### Dataset section
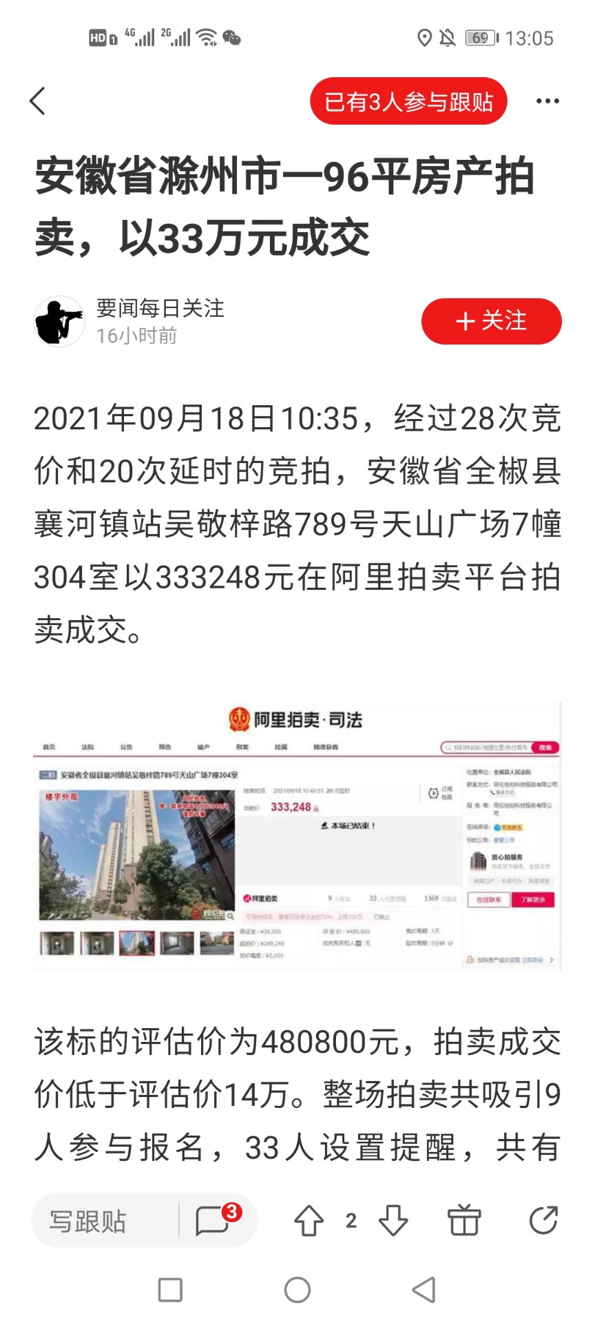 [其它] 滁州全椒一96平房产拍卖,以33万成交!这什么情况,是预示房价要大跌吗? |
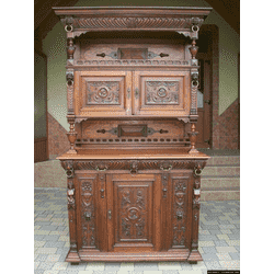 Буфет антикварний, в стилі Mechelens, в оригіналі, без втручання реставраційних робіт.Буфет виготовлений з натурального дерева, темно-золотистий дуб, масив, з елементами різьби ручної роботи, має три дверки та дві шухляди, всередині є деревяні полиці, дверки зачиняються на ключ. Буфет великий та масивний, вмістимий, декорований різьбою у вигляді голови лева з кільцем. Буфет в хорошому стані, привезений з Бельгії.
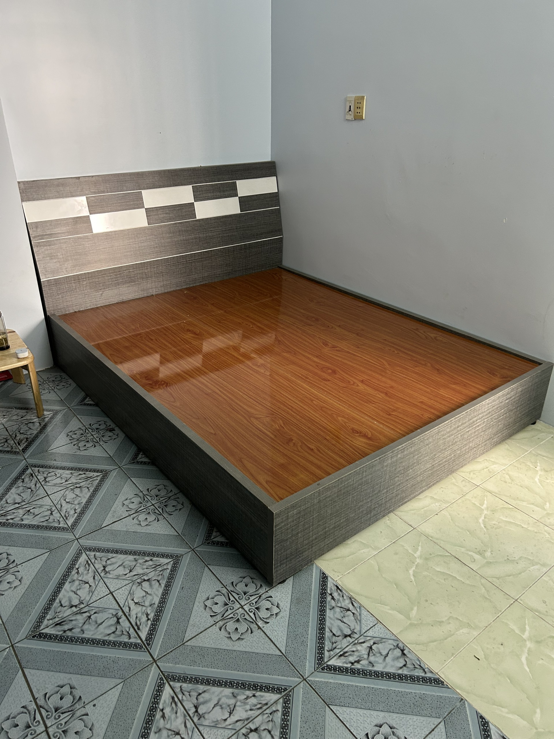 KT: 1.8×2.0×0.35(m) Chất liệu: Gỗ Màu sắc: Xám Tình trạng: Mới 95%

### Work task
Word for word, quote the lines above. Omit the pictures.

### Answer section
 [其它] 滁州全椒一96平房产拍卖,以33万成交!这什么情况,是预示房价要大跌吗? |
 Буфет антикварний, в стилі Mechelens, в оригіналі, без втручання реставраційних робіт.Буфет виготовлений з натурального дерева, темно-золотистий дуб, масив, з елементами різьби ручної роботи, має три дверки та дві шухляди, всередині є деревяні полиці, дверки зачиняються на ключ. Буфет великий та масивний, вмістимий, декорований різьбою у вигляді голови лева з кільцем. Буфет в хорошому стані, привезений з Бельгії.
 KT: 1.8×2.0×0.35(m) Chất liệu: Gỗ Màu sắc: Xám Tình trạng: Mới 95%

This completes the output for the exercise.